Start of Block
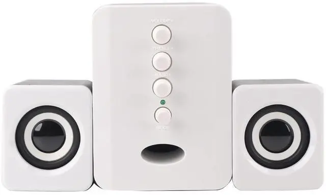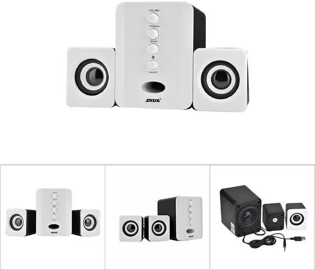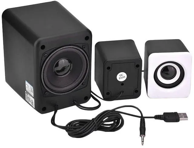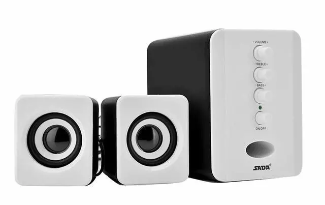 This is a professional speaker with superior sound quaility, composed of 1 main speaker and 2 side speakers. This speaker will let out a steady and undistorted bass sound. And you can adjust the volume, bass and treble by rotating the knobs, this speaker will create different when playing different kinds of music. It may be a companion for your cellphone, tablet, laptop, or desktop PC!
End of Block
Start of Block
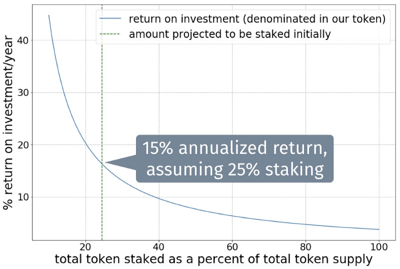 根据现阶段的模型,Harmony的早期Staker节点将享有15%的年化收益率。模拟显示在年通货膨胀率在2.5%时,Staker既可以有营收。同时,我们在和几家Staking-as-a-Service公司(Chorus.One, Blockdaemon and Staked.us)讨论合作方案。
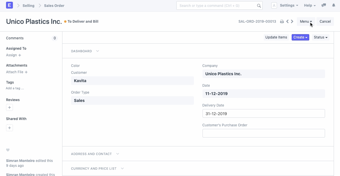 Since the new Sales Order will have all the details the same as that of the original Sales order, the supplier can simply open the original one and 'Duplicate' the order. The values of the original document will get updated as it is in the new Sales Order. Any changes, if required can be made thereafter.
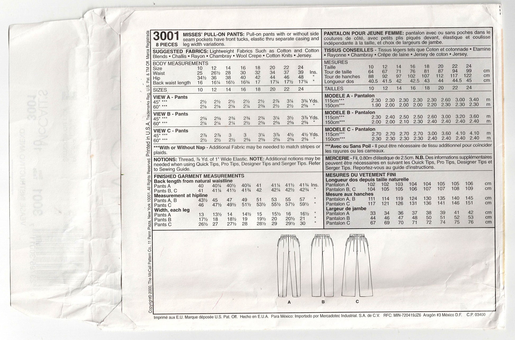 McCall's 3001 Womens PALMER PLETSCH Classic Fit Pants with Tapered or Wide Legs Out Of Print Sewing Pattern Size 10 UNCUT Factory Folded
End of Block
■ What is being asked
Now transcribe the lines above exactly, starting at the line containing "Since the new" and ending at the line containing "McCall's 3001 Womens", both lines included, pictures excluded.

■ Exercise output
 Since the new Sales Order will have all the details the same as that of the original Sales order, the supplier can simply open the original one and 'Duplicate' the order. The values of the original document will get updated as it is in the new Sales Order. Any changes, if required can be made thereafter.
 McCall's 3001 Womens PALMER PLETSCH Classic Fit Pants with Tapered or Wide Legs Out Of Print Sewing Pattern Size 10 UNCUT Factory Folded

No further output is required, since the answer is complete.